Летом 1940 года Федор поехал на каникулы в Балыксу. С собой у него был большой чемо-дан с сухарями и сидор с нехитрыми личными вещами. Сухари были для пропитания самого и родителей, на некогда богатом Алтае. Надя тоже поехала. Чемодан сухарей, что привез Федор в Балыксу, был неслыханным богатством, даже роскошью.

В Балыксе Федор подивился нищете. Год назад односельчане не казались такими хмуры-ми, да и одеты были как будто получше. До коллективизации Федя был еще мал, но помнил добротную одежду и хорошую еду всегда с мясом. После коллективизации народ стал беднеть. За работу колхозники получали, как правило, дырку от бублика, а сам бублик доставался непонятно кому. Кое-что, конечно, выдавали  на трудодень, но это была, скорее, насмешка, чем оплата, прежней сытой жизни не было. Мужики ловили рыбу в Бии, по-мелочи браконьерничали в тайге, тем и питались.

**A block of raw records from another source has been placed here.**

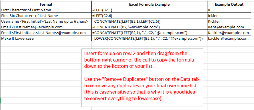 For those of you not familiar with Excel formula’s, here are some formulas for creating usernames and email addresses from the output above. (Assume column B contains the first name and column C contains the last name)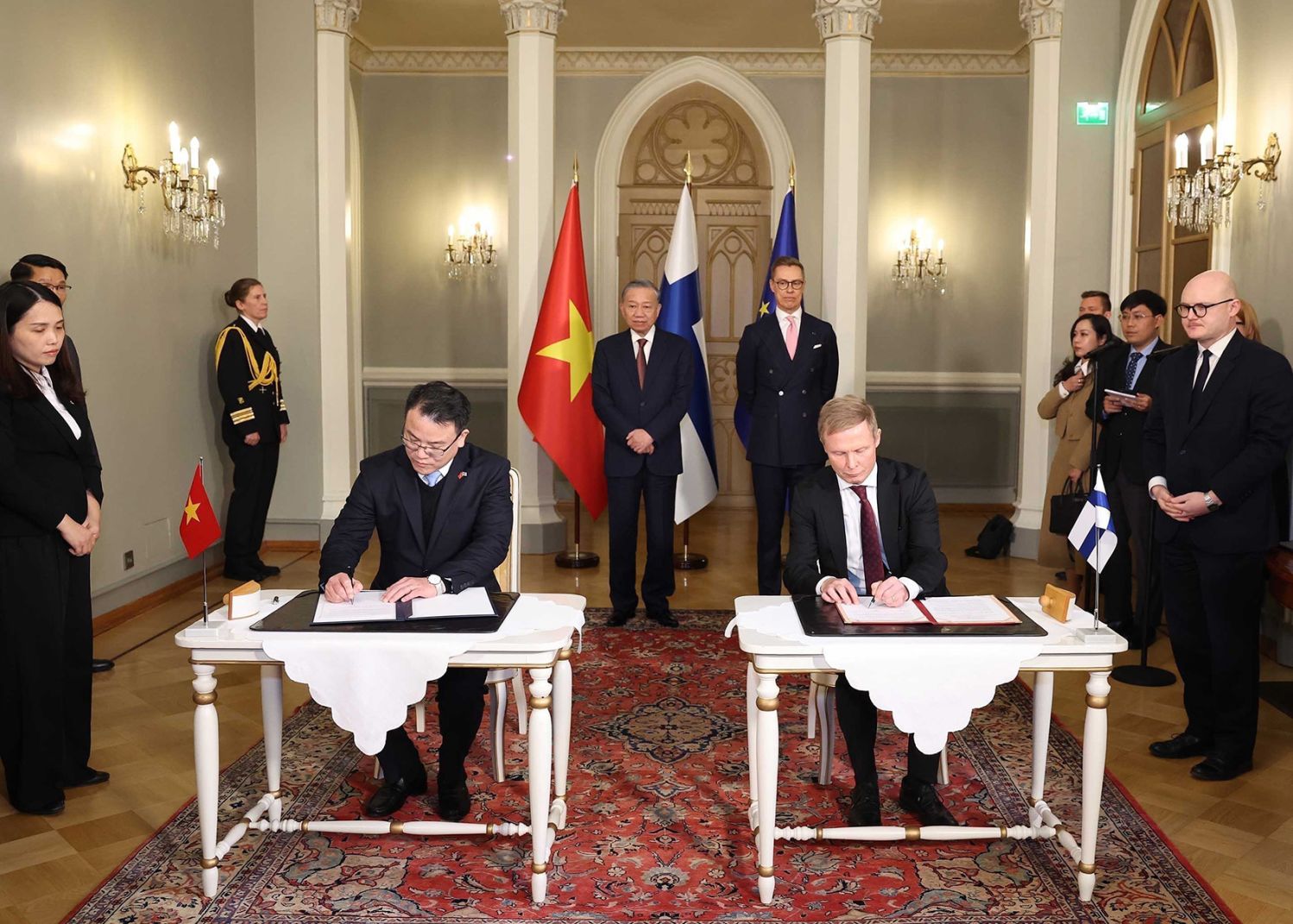 Tổng Bí thư Tô Lâm và Tổng thống Phần Lan Alexander Stubb chứng kiến lễ ký Biên bản ghi nhớ giữa Bộ Tài chính Việt Nam và Bộ Ngoại giao Phần Lan về việc hỗ trợ và thúc đẩy công tác chuẩn bị và triển khi các dự án được tài trợ theo Chương trình đầu tư công (PIF) của Phần Lan. (Ảnh: TTXVN)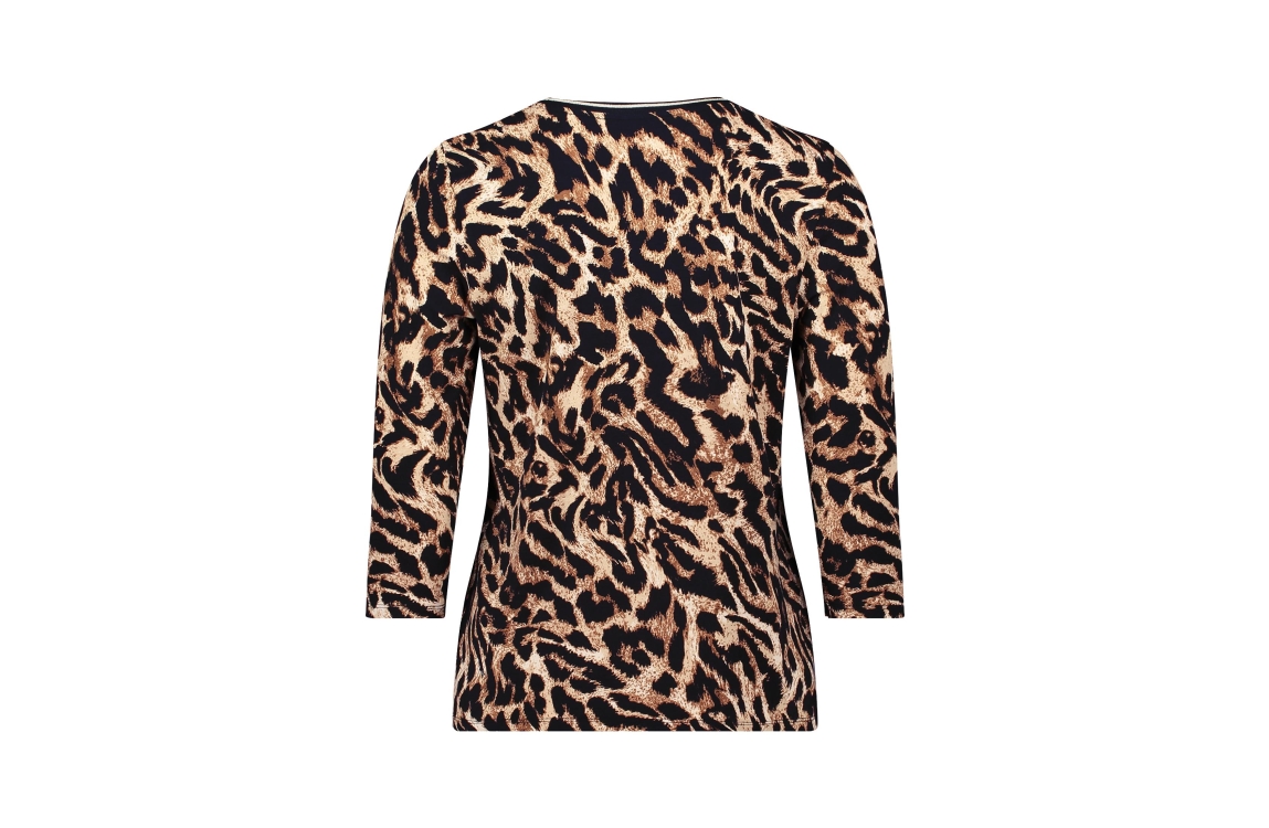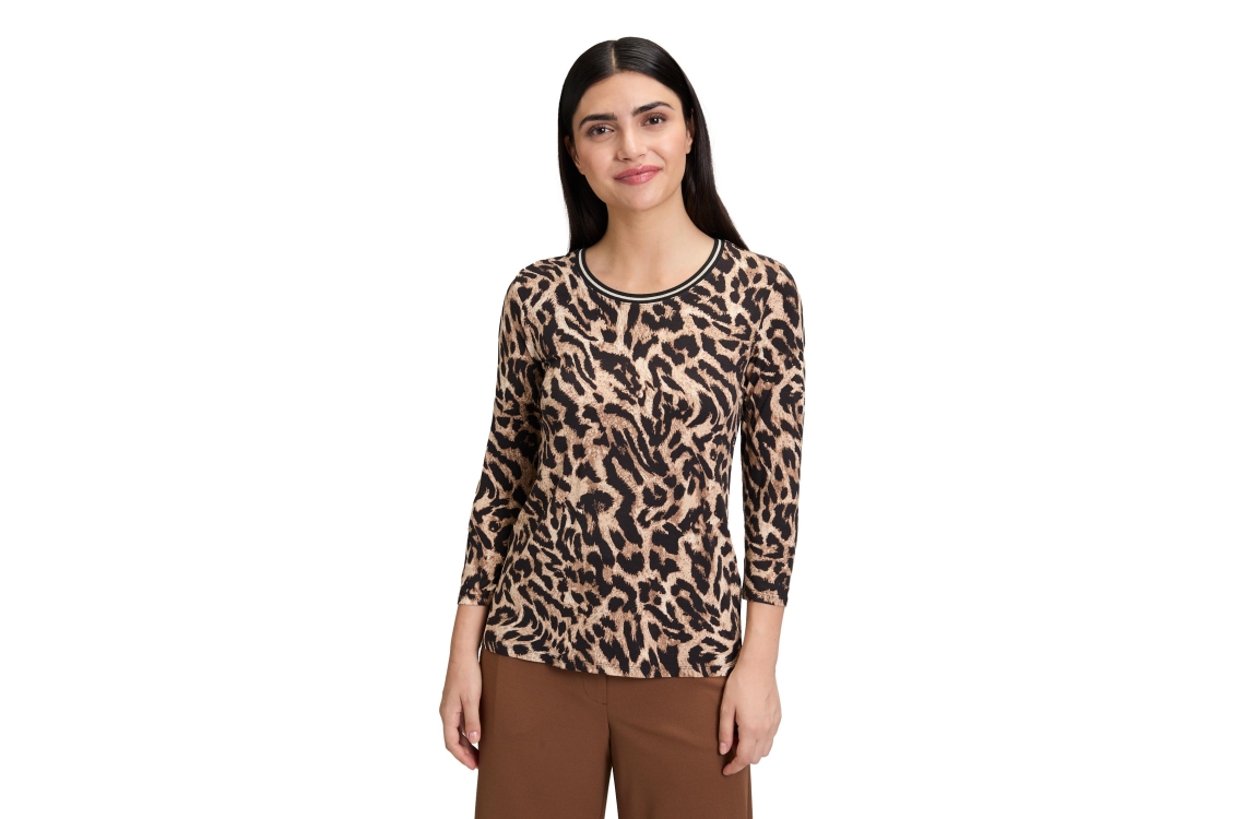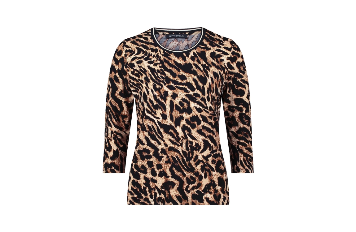 Betty Barclay shirt 2551/1563/9875. Dit rechtvallend model heeft een ronde hals en driekwart mouwen. Deze zwarte shirt van Betty Barclay is all-over bewerkt met een bruine panterprint en is uitgevoerd in stretchkwaliteit.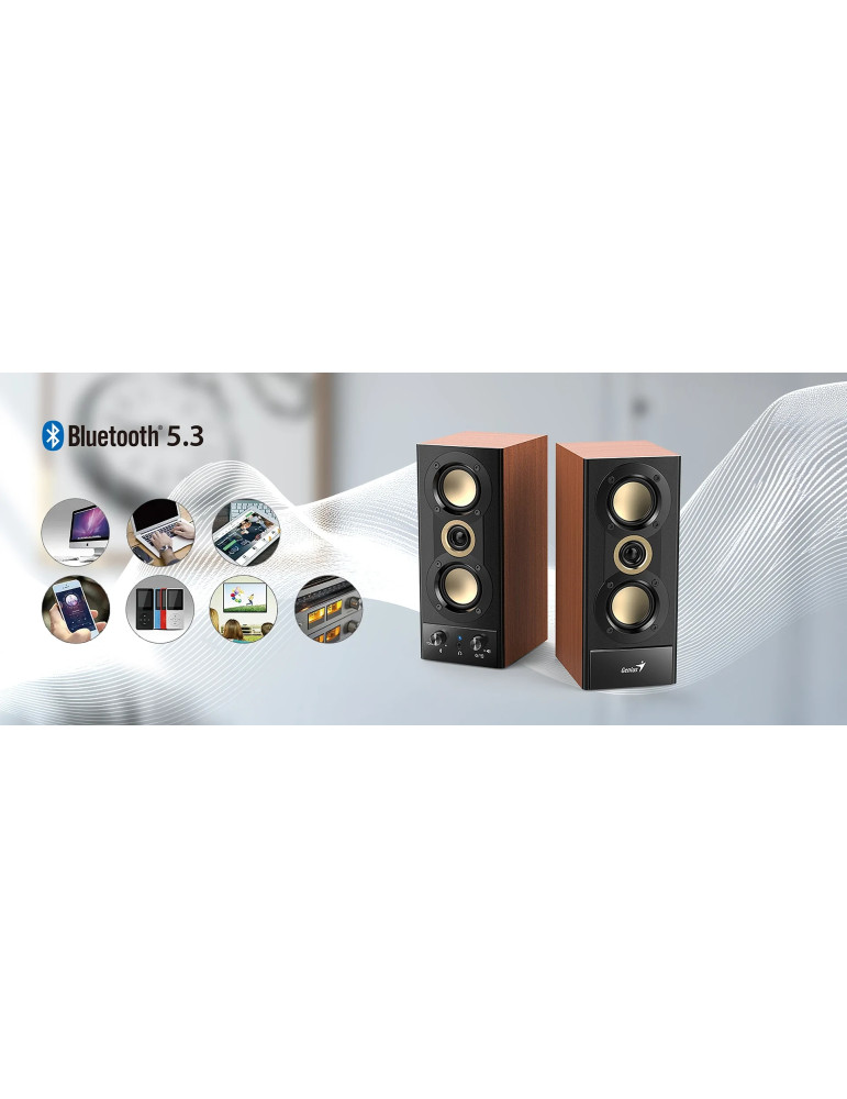 Bluetooth тонколони Genius SP-HF800BT, 2.0 20W RMS, Bluetooth 5.3, Wood - GENIUS-SP-HF800BT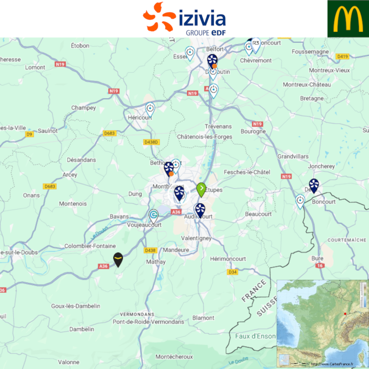 Ouverture d'une station Izivia à Montbéliard (McDonald's). 2x 150kW CCS Comme d'habitude, retrouvez le lien vers ma carte : https://tinyurl.com/StationsVE Toute l'actu des stations de recharge sur le groupe FB : https://tinyurl.com/GroupeFacebookVE -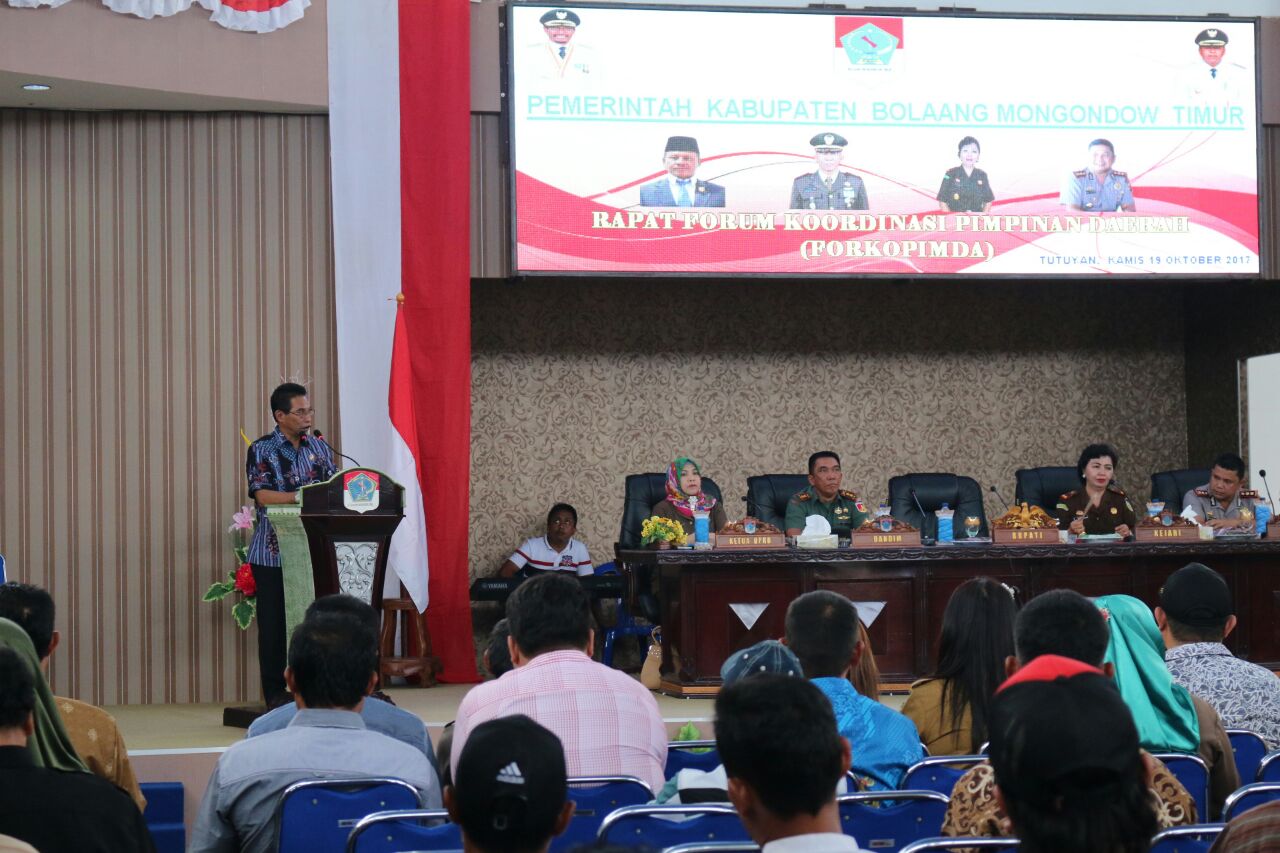 Boltim, detiKawanua.com – Bupati Bolaang Mongondow Timur (Boltim), Sehan Salim Landjar SH, memimpin Rapat Forum Koordinasi Pimpinan Daerah (Forkopimda) Kabupaten Boltim di Ruang Rapat Kantor Bupati, Kamis (19/10). rapat membahas isu-isu strategis yang berkaitan dengan kehidupan sosial yang sedang berkembang di Kabupaten Boltim.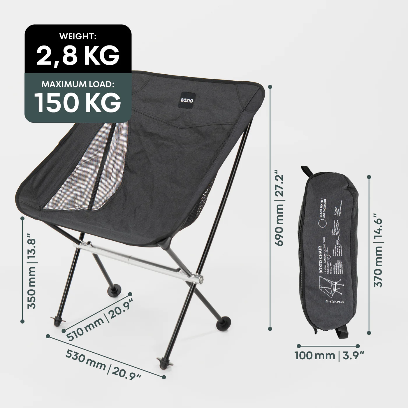 BOXIO CHAIR to Twoje idealne krzesło kempingowe – ultralekkie i kompaktowe, mieści się wygodnie w Euroboxie. Niezależnie od tego, czy podróżujesz kamperem, jesteś na festiwalu czy łowisz ryby, niska waga sprawia, że krzesło staje się niezastąpionym towarzyszem w podróży. Wysokiej jakości aluminiowa rama zapewnia trwałość i odporność na rdzę.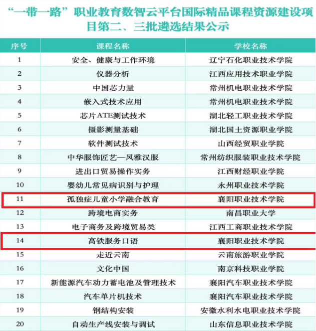 近日,我校申报的《高铁服务口语》《孤独症儿童小学融合教育》两门课程顺利通过“一带一路”职业教育数智云平台国际精品课程资源建设项目遴选评审。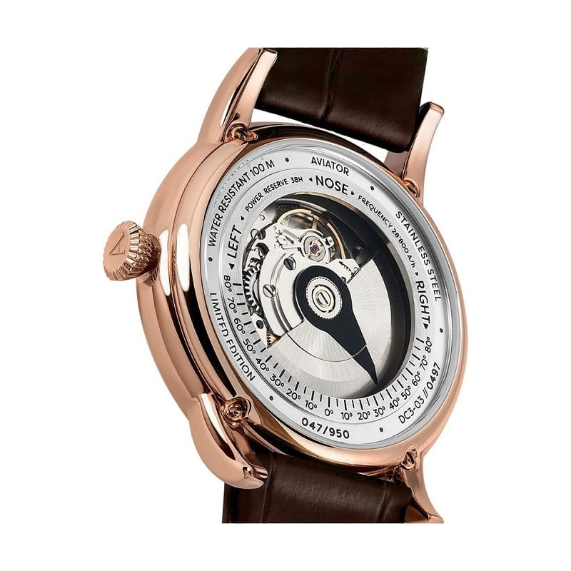 Koperta wykonana z wysokiej jakości stali nierdzewnej jest trwała i odporna na korozję. Jej okrągły kształt i precyzyjnie wykończone krawędzie nadają modelowi elegancki charakter. Zastosowana powłoka PVD w kolorze różowego złota zwiększa odporność na uszkodzenia, a proporcje koperty zapewniają wygodę noszenia i doskonałe dopasowanie. To konstrukcja, która łączy nowoczesność z klasycznym stylem, będąc wizytówką całej kolekcji Aviator.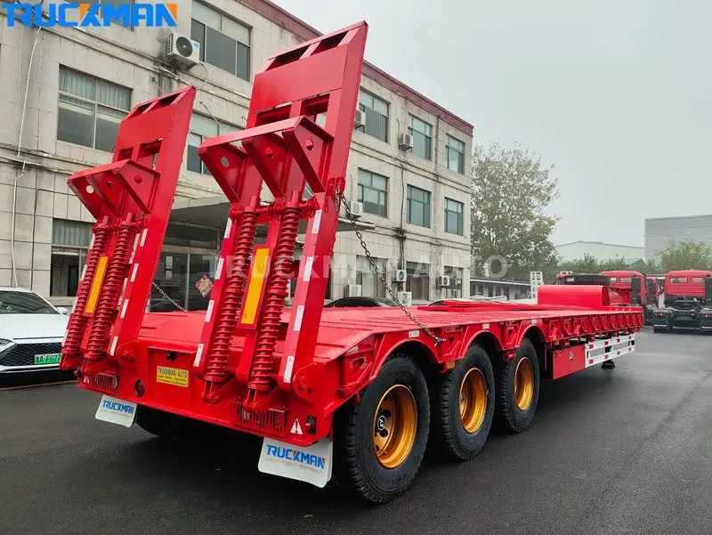 The 50 Ton low bed trailer is an excellent transport helper; he can transport a wide range of goods with outstanding reliability. With the advanced production technology, reliable quality parts make 50-ton low-bed trailers viral in the logistics industry. The shallow loading platform makes it easier to maneuver large cargoes during loading and unloading without the risk of overturning.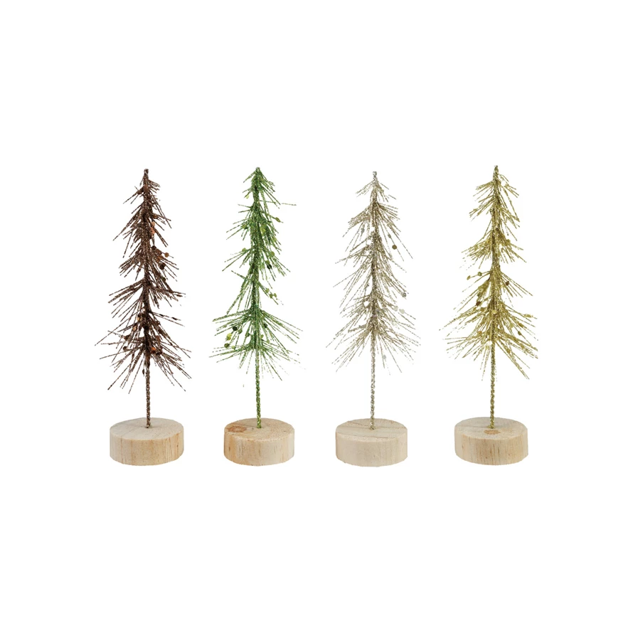 Plastic Tree with Glitter & Wood Base, 4 Colors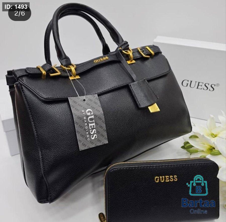 حقيبة يد فاخرة من GUESS باللون الأسود الكلاسيكي مع محفظة متناسقة، بتفاصيل معدنية ذهبية تضيف لمسة راقية. تصميم عملي وأنيق يناسب العمل والمناسبات اليومية بإطلالة أنثوية واثقة.

Федя как-то быстро вырос из старой одежды, что-то поистрепалось и пошло на тряпки. Родители как-то умудрялись покупать обновки, а пища стала скудной, почти без мяса. Отец, Никон Иванович, был мастер на все руки, и в свободное от конторы время подрабатывал у более зажиточных сельчан, тем и жили. Однако постепенно пришла нищета, Федя другой жизни не знал, и, казалось, что так и надо.

В Актюбинске он увидел другую жизнь, люди одевались намного лучше, ученики в школе были более опрятными, не было заплаток на одежде, даже разговаривали по-другому. В Балыксе матерились все, от мала до велика, и это было нормой. На вечерних гульбищах парни пели под гармонь или балалайку матерные частушки, девки от них не отставали и частенько загибали покруче парней, вроде как соревновались. До замужества девушки как-то сдерживались и следили за речью в присутствии родителей и прочих взрослых. Вот сегодня она невеста, сидит в подвенечном платье сама скромность, и не услышишь от нее бранного слова, вроде, как и не знает таких, а наутро,  после первой брачной ночи она уже баба, и вчерашняя скромница уже не выбирала выражений.

Друзья и односельчане смотрели на Федора, как на чудо: ну как же ; девять классов окончил, а скоро и десятый будет, тогда уж совсем ученый, на кривой козе не подъедешь. Федор помогал родителям по хозяйству, свободное время проводил с лучшим другом Ефимкой Силиным, неуемным фантазером.

; Вот скажи, Федя, ; как-то завел разговор Ефимка, ; ты теперь вроде как умней меня.
; Ну-у, может и не умней, скорее ; грамотнее.
; Во-во, я и говорю. Вот скажи мне: если все ямы, которые есть на земле, собрать и сде-лать одну глубокую ямищу, а в нее слить всю воду с речек, морей и океанов, получится самое большое и глубокое озеро.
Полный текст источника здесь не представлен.